Pero era la ciudad más hermosa del mundo. No tenía repugnantes banderas con la esvástica, ni malditos uniformes nazis, ni alemanes que amenazaran con arrestarlo. La Shanghái ocupada era el único puerto abierto para los judíos, la única ciudad que lo aceptaba sin visado de entrada. Esta ciudad era su sueño; Berlín, una pesadilla. No volvería hasta que Hitler se hubiera ido.

—¡Ernest! ¿Dónde has estado? —Miriam asomó la cabeza desde la litera superior, mordisqueando la correa que le sujetaba el gorro de cazador a la barbilla. El gorro de piel de oveja beis era un recuerdo que había comprado en el transatlántico. Era de chico, pero a ella le encantaba.

—Pensé que estabas dormida. Fui a buscar trabajo.

—¿Has encontrado algo? —Los grandes ojos de Miriam estaban llenos de esperanza—. Tengo hambre. Podría comer una docena de Pfannkuchen.

—Aún no. Pero no te preocupes, lo encontraré.

Cuando lo hiciera, la invitaría a todo lo que ella quisiera. Tenía doce años, era una niña reservada. Él había jugado al dreidel con ella cuando era una niña pequeña y caminado con la nieve hasta las rodillas para ir a comprarle Pfannkuchen, su desayuno favorito. Después de lo de Leah, juró que cuidaría bien de Miriam.

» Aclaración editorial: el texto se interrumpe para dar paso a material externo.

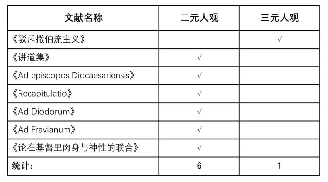 除了,英文《拿戈玛第经集》的译者在该书第190页使用二元人观架构来讨论《论魂》那篇文章;译者在对《西瓦奴的教义》的评论中,则说到这本智慧文学以令人惊讶的方式与圣经,后期的犹太人思想,中柏拉图主义和后期的斯多亚主义的人观,道德和神学观念呼应。而作者同时使用了类似于诺斯底主义的三元人观(心思、魂、身体)的观点。[35]不论是《拿戈玛第经集英译》翻译的诺斯底文献本文,抑或是译者的评注,都体现出诺斯底主义本身就如同柏拉图主义一样,同时采取了二元人观和三元人观的观点。但是,根据能够获得的一次文献,诺斯底主义主义还是采取二元人观——5次采用了二元人观,1次采用了三元人观。确实有许多二次文献论及诺斯底主义与三元人观的关系。例如,Stephan AHoeller 在《诺斯底主义:对于古代内在知识传统的新亮光》一书里面指出,诺斯底主义认为人是由灵、魂和身体所构成的。[36]然而,与其相对的,我们看 Edwin M. Yamauchi 在《基督教前的诺斯底主义:对于被推荐的证据的调查》一书中则提到,保罗否认了诺斯底关于身体/灵的二元人观。[37] Perter Lallman认为《约翰行传》乃是根据魂与身体的二元人观主义。[38] 根据 Steven L. Davis 的《多马福音与基督教智慧》,多马福音中的诺斯底主义着重一种魂-身体的二元人观。[39] Gary B. Ferngren 的《早期基督教的医药与医疗照顾》一书中指出,诺斯底主义继承了希腊人的二元主义,这种观点被基督教所否定。[40] Warren S. Brown 和 Brad D. Strawn 共同撰写的《基督徒生活的物质本性:神经科学、心理学和教会》中说到,基督教因为受到奥古斯丁和笛卡尔强调的二元主义的影响,而非常强调身体和魂之间的分别,造成教会中诺斯底主义的逐渐复苏。基督徒的生活需要活在属灵的范畴中,与身体生活完全脱节。[41]根据 Everett Ferguson 编辑的《早期基督教百科全书》,魂和身体的观念由希腊哲学家提出,后由柏拉图进一步发展。到了第二和第三世纪,诺斯底的著作表明身体是由次等的神祗所创造,作为魂与心思的工具。诺斯底主义认为救赎就是脱离身体。[42]比较有趣的是 Andrew Phillip Smith。在他的《诺斯底论及魂的著作:注释与解释》中告诉我们,柏拉图主义认为心思——魂的理性部分,乃是完美和优美的白马,身体则是野蛮和顽固的黑马。二元人观的某些元素在诺斯底主义和许多基督教的形式中都可以被找到。[43]这明显的是二元人观的架构。但是在他编辑的《诺斯底主义字典》中的词条——魂中,他却说到古代诺斯底主义者认为魂乃是在三元人观的身体/魂/灵的中间部分。[44]在同一本书中的词条——二元人观中,他说到,诺斯底主义普遍采取三元人观的架构,而灵类似于神祗,而魂乃是身体和灵的中间部分。[45]他在这两处论述中,反而认为诺斯底主义使用的是三元人观的架构。这个让我们看见,即便是研究诺斯底主义一次文献的专家,对于诺斯底主义的人观的观点都是不固定的。由此可见,在二次文献的范畴中,学者们对于诺斯底主义到底是持二元人观还是三元人观仍然是众说纷纭,没有定见。由于柏拉图主义和诺斯底主义间的密切关系和承传性产生了一个很有意思的现象,就是:如同前面柏拉图的人观研究的结果,对于诺斯底人观的研究也表明,二元人观学者对于三元人观此类的批判,也可以完全使用在二元人观上面。而仅仅将柏拉图主义与三元人观建立任何联系的作法以造成读者错误的印象也是错误的。我们接下来要来到亚波里拿流主义和三元人观间的关系。本段分成一次文献和二次文献两个部分。目前在英语世界并没有整套的亚波里拿流文献的翻译。目前只有威士康辛州的路德学院(WisconsinLutheran College)在在线提供了根据德国学者 Lietzmann 德文译本的英文翻译。[46]此外,就必须从薛夫(Phillip Schaff)的古教父文集中提取相关的文献。亚波里拿流在《驳斥撒伯流主义》一书中说到他不会怀疑人是由灵、魂和身体所组成的。[47]这是唯一一次的三元人观记载。在《讲道集》中,他宣称基督乃是被神吹进气的身体,在其肉身中具有一个神圣的灵——属天的心思。[48]根据《Adepiscopos Diocaesariensis》,亚波里拿流认为道并没有取得人的理性,因此基督的身体是缺少魂/理性的。[49]根据《Recapitulatio》一文,亚波里拿流认为基督是一个由灵与肉身联合的人(spirit united to flesh is a man)。因此,祂根据不同的意义,是一个神圣的灵与肉身的联合(Therefore, He is a divine spirit united with flesh)。[50]《Ad Diodorum》这篇文章则说,人拥有魂和身体,基督的魂(具有神性)和身体仍保持其原有的性质,不混合。[51]《Ad Fravianum》则说基督乃是一个被神化的身体所包裹的神,成为一个没有身体的与有身体结合的混合物。[52]据信是亚波里拿流假尤利乌斯写的《论在基督里肉身与神性的联合(Pseudo-JuliusI: De unione corporis et divinitatis in Christo)》中指出,非受造的与被造的在基督里被混合在一起,祂被造为两个不完整的部分。整个人被称作“肉体”,里面没有魂。而整个带着身体的人被称作“魂”。[53]《De Unione》则认为,无魂(soul-less)并无理性(mind-less)并无意志(will-less)的所罗门预示了耶稣身体的殿。[54](意思是:若把所罗门的理性和意志去除,只剩下一个身体,这个身体就预示了基督的身体为神/圣灵的殿。) ![]()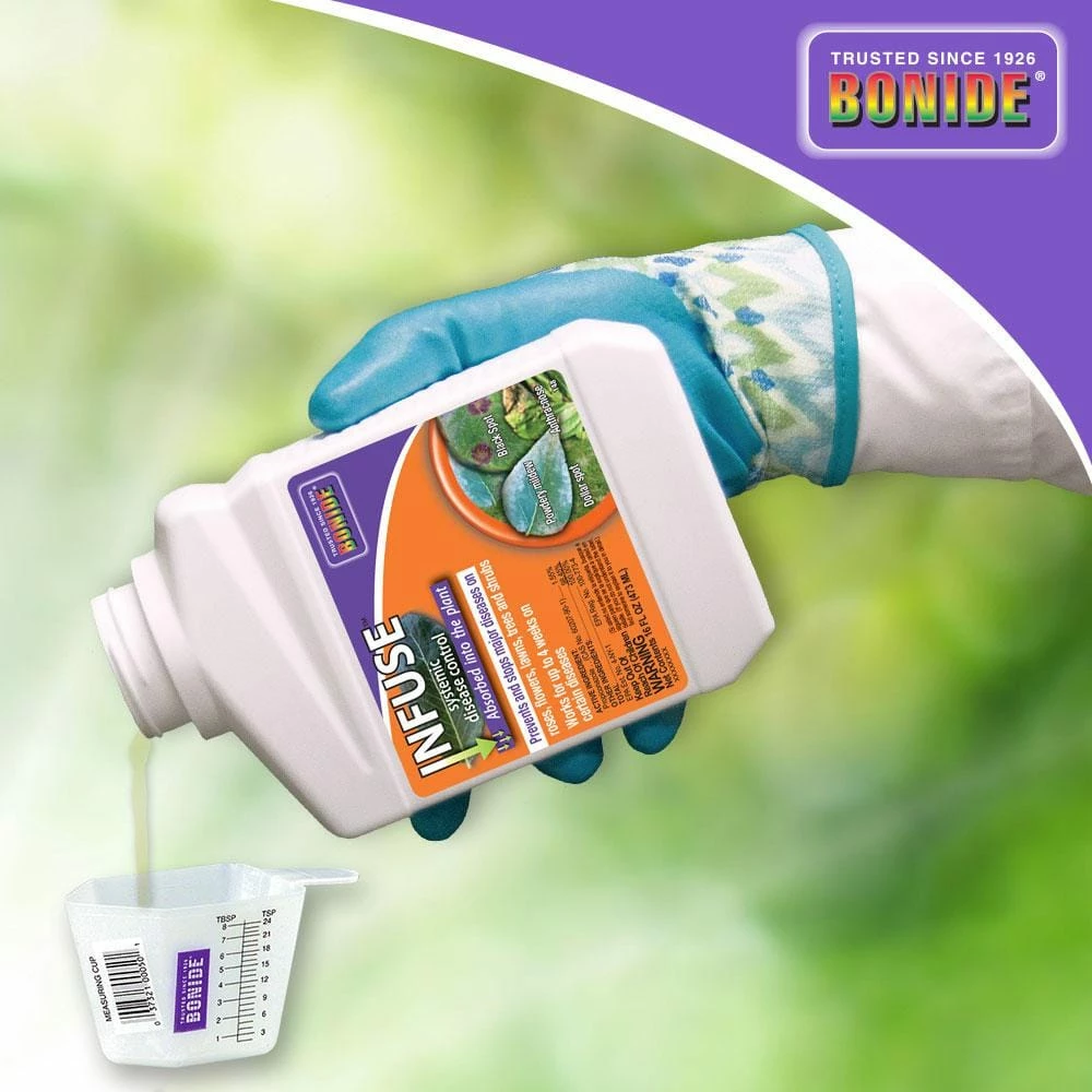 BONIDE Infuse prevents and stops major disease on listed roses, flowers, lawns, trees, and shrubs. It’s powerful systemic protection won’t wash off and lasts up to 1 month on certain diseases. Proven to encourage turf rooting.

—Ernest, el Comité Komor te ha estado buscando —dijo Miriam con su voz inocente llena del miedo que había comenzado a apoderarse de ellos desde que huyeran de Berlín—. Dijeron que nuestras literas serían reasignadas a los refugiados nuevos. Tendremos que mudarnos en cinco días.

El comité, un grupo benéfico voluntario organizado por judíos locales, los había recogido en el muelle y los había llevado a ese edificio, un lugar de acogida. Les habían dicho que su estancia sería temporal. Pero cinco días…

Se puso de lado y apoyó la cabeza en la mano. De repente, el agotamiento lo envolvió y todo el coraje y el optimismo que había forjado en el transatlántico se evaporaron. Cerró los ojos. Estaba cansado. Solo necesitaba una buena noche de sueño.

A la mañana siguiente, se sintió peor. Le dolían la cabeza y las piernas, y al escuchar el interminable alboroto y las quejas a su alrededor, se sintió pesimista: nunca encontraría trabajo en esa ciudad. Finalmente, se levantó y revolvió en la maleta en busca de un cepillo de dientes y los restos de la pasta dentífrica que le quedaban del transatlántico, y sus manos rozaron todos los bienes que guardaba dentro: su preciada Leica, una pluma Montblanc, un montón de partituras que había rescatado de debajo de las botas de las Juventudes Hitlerianas, la ropa de Miriam, la suya y un par de guantes que su madre había agregado.

La fila para el baño era larga. Muchas personas de rostros sombríos llevaban cantimploras y cajas de hojalata para llenar con agua. Por el reflejo de los cristales, Ernest vio su propio rostro cubierto por la barba, desesperado como los de todos los demás. Miró hacia otro lado y deseó que la fila se moviera más rápido, porque su vejiga estaba llena. Pero adelantarse era impensable. Entonces, permaneció rígido durante una larga hora, conteniendo la respiración por momentos a medida que su vejiga se expandía, se volvía más pesada y, luego, dolorosa. ¿Quién hubiera dicho que después de escapar de la guerra en Europa se enfrentaría a tal miseria humana? ¡Hubiera hecho cualquier cosa por un cubículo para hacer sus necesidades! Cuando estuvo seguro de que le estallaría la vejiga y moriría de una manera indigna, finalmente le llegó el turno de usar el baño.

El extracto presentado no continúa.